A vital sugar code for ricin toxicity.

Jasmin Taubenschmid1, Johannes Stadlmann1, Markus Jost2

  • 1IMBA, Institute of Molecular Biotechnology of the Austrian Academy of Sciences, VBC - Vienna BioCenter Campus, Dr. Bohr-Gasse 3, 1030 Vienna, Austria.

Cell Research
|September 20, 2017
PubMed
Summary

Scientists identified key regulators of ricin toxicity, showing that inhibiting fucosylation makes cells resistant to this deadly toxin.
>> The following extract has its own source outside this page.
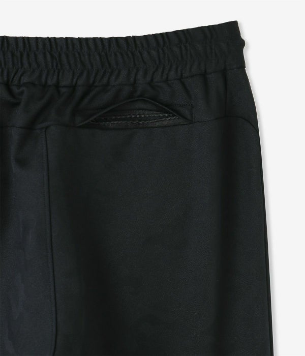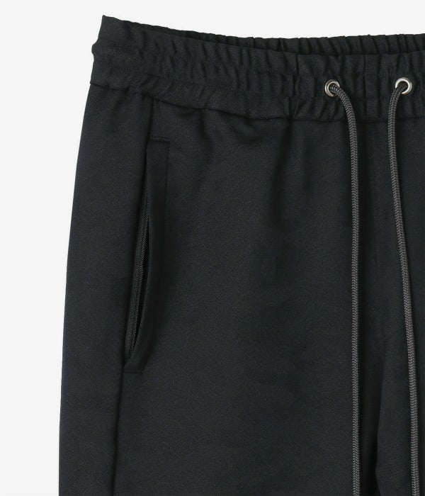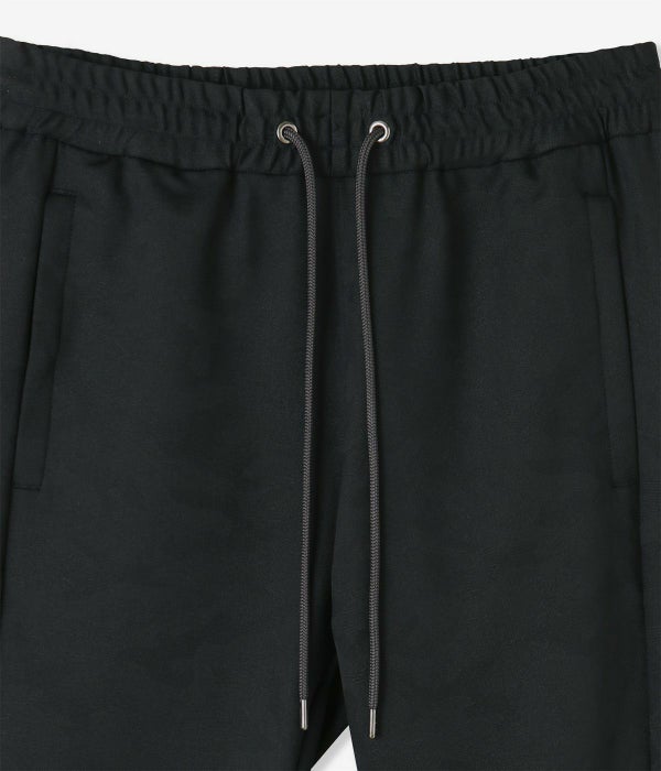 この生地自体の機能はかなり高い物です。しかし一つ問題。それはポリエステル独特の光沢感。昨今ポリエステル等の化学繊維は非常に発展し、従来の機能性に加え表情までもが天然素材に近づいて来ていて、僕も多用していますがやはり特有の安っぽい光沢感が残ってる物も多く存在しています。この生地もそう。そのまま使えば“昔の体育の先生が履いてたパンツ”みたいな表情の商品になりかねない物でした。

This discovery offers potential strategies against ricin bioweapons.

Related Experiment Videos

Area of Science:

  • Biochemistry
  • Cell Biology
  • Toxicology

Background:

  • Ricin is a highly toxic protein with no existing antidote, posing a significant bioweapon threat.
  • Understanding the molecular mechanisms of ricin toxicity is crucial for developing countermeasures.

Purpose of the Study:

  • To identify key molecular pathways regulating ricin toxicity.
  • To explore potential strategies for conferring cellular resistance to ricin.

Main Methods:

  • Genetic manipulation of fucosylation pathways (Slc35c1, Fut9).
  • Pharmacological inhibition of fucosylation.
  • Analysis of intracellular trafficking and cell surface glycan structures (Lewis X, sialylation).
  • Assessment of cell sensitivity to ricin exposure.

Main Results:

  • Inhibition of the Golgi GDP-fucose transporter (Slc35c1) and fucosyltransferase (Fut9) confers resistance to ricin.
  • Reduced fucosylation leads to increased sialylation of Lewis X, masking ricin-binding sites.
  • Cells with SLC35C1 deficiency are resistant to ricin.
  • Modulating sialyltransferase St3Gal4 affects ricin sensitivity.

Conclusions:

  • Fucosylation and sialylation pathways are critical regulators of ricin toxicity.
  • Targeting these glycosylation pathways offers a novel strategy to control ricin toxicity.
  • Insights into the 'sugar code' can be leveraged for biodefense applications.